The beginning of 2023 has shown promise in the rental market.
Last quarter we saw a small drop in the rental costs, but throughout the first quarter of 2023, we saw those numbers increase to the highest they’ve been.
To start off the new year, rent prices are at an average of $1,450 in Indianapolis. This is a $70 increase compared to the last quarter of 2022.
Some cities saw an increase in rent of around $300 while others had a more moderate increase between $50-$150 compared to last quarter where rental prices dropped at least a small amount in most cities.
The number of homes rented increased for a majority of Central Indiana cities, especially in Indianapolis. For the first time since the second quarter of 2020, the number of Indianapolis houses rented has exceeded 600. The number for the first quarter finished at 613 properties.
Another increase we’re seeing is the days on market, with the average days on the market at 55 compared to 35 in the fourth quarter of 2022.
The number of homes rented and rental prices are on the rise which is great for investors to see and even though we are continuing to see an increase in days on market, we do expect it to go back down to the more consistent range we were seeing last year of homes being on the market for around a month at most.
T&H Realty’s Perspective
We were expecting a rebound in showings and applications in the first part of 2023, so seeing an overall increase in rent prices and the amount of rental homes being leased isn’t a surprise.
Rental activity tends to pick up throughout the first quarter and continue through the second and third quarters of the year.

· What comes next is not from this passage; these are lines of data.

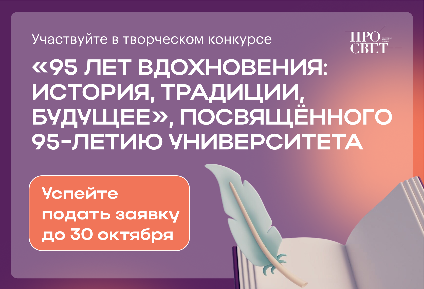 А вы уже знаете о многожанровом творческом конкурсе «95 лет вдохновения: история, традиции, будущее», посвящённого 95-летию Университета?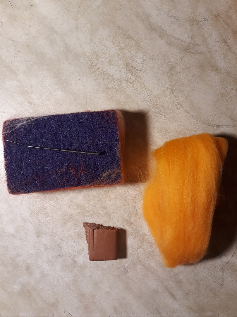 - кусок рыжей шерсти,иголка,губка,полимерная глина,клей.
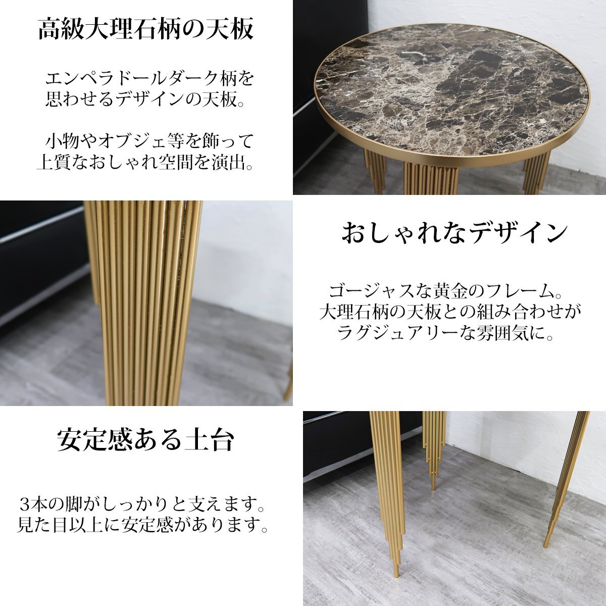 ![]() ※画像一枚目の商品になります。 最上級の空間を。 海外ホテルの様な空間を演出する大理石柄天板のサイドテーブル。 重厚感と高級感を存分に放ち、大理石柄を贅沢にあしらったテーブルはラグジュアリーな空間作りに最適です。 天板表面は綺麗に加工されており耐久性があります。 撥水性、キズに強く、拭き取り簡単でお手入れラクラク 。 黄金のフレームとエンペラドールダーク柄を思わせる大理石柄天板の組み合わせが 他にはない特別な空間を彩ります。 ソファ横、ベッドサイド、リビング等に置いてワンランク上のおしゃれな小物置きに。 高級感あふれるデザインが視覚的な楽しみも与えてくれるオブジェとしても楽しめます。 商品仕様 サイズ(約):天板直径40cm、高さ43cm 重量(約):2.9kg 材質:フレーム:鉄 天板:天然木化粧繊維板(ウォルナット) |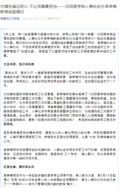 健康报:巾帼先锋记初心 不让须眉勇担当——沈阳医学院人事处处长李荣梅教授战疫侧记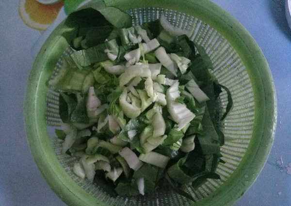 制作過程:第一步,將大顆青菜準備好,用清水沖洗幹凈後,切碎,因為我選用的青菜比較大顆,所以為瞭剛好的入味,我是選擇切碎瞭炒的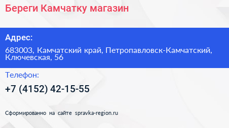 Береги Камчатку, магазин по адресу 683003, Камчатский край, Петропавловск-Камчатский, Ключевская, 56 в дальнейшем Организация, размещена в следующих категориях: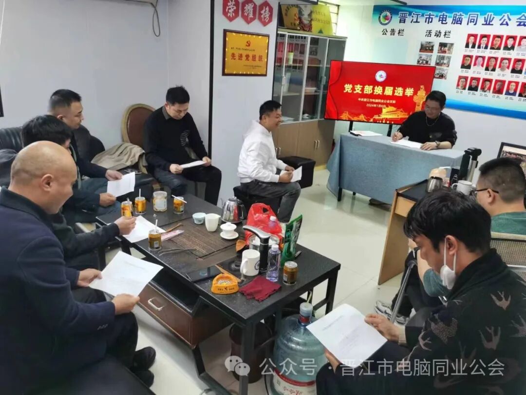 中共晋江市电脑同业公会支部任期届满,报系统党委批准,于2024年1月6日下午2点举行支部换届选举大会,选举产生新一届支部委员。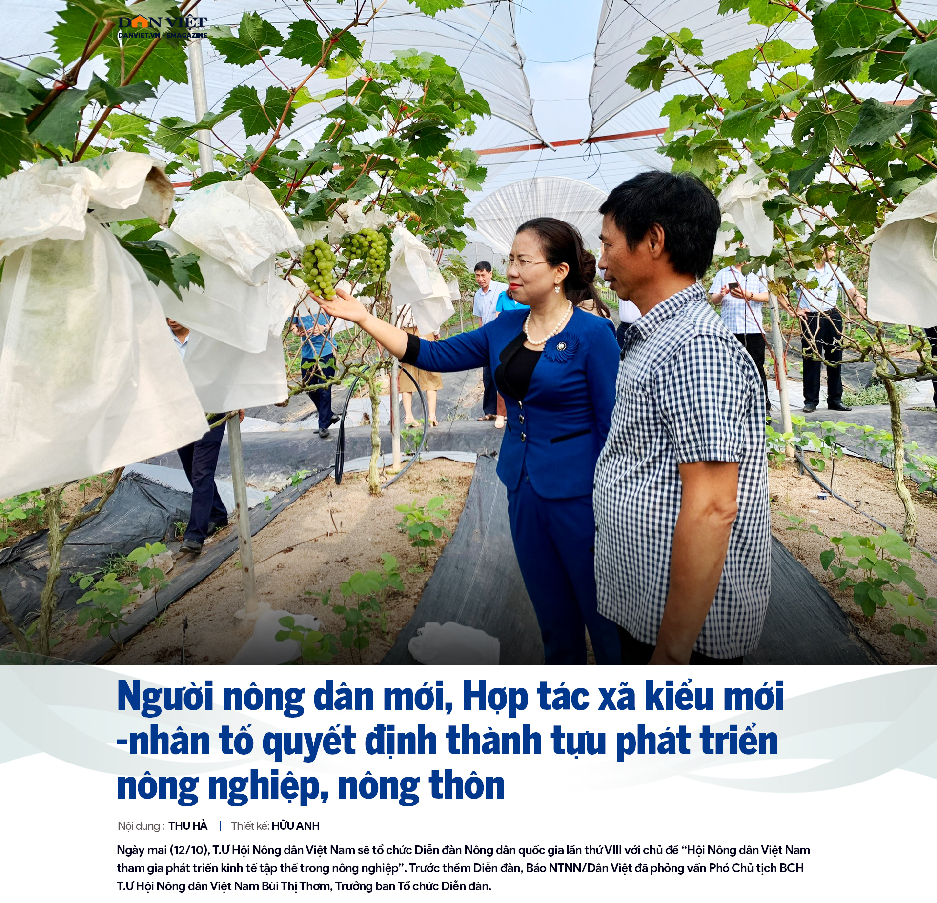 Người Nông dân mới, Hợp tác xã kiểu mới (11/10/2023 14:29) Người Nông dân mới, Hợp tác xã kiểu mới (11/10/2023 14:29)Phó Chủ tịch Ban Chấp hành Trung ương Hội Nông dân Việt Nam Bùi Thị Thơm khẳng định, văn kiện Đại hội XIII của Đảng định hướng rõ: "Đẩy mạnh cơ cấu lại nông nghiệp, phát triển kinh tế nông thôn gắn với xây dựng nông thôn mới, hướng tới mô hình nông nghiệp sinh thái, nông thôn hiện đại, nông dân văn minh…".

With this information in mind, we do expect rental costs and homes rented to increase at a steady rate with days on market beginning to decrease with the rising demand for rental homes.
Throughout the first quarter, we have noticed that days on market numbers have affected many investors and caused concern. T&H Realty is working to minimize that concern with our Owner Clients by improving our marketing strategies through additional tools and more effective marketing plans.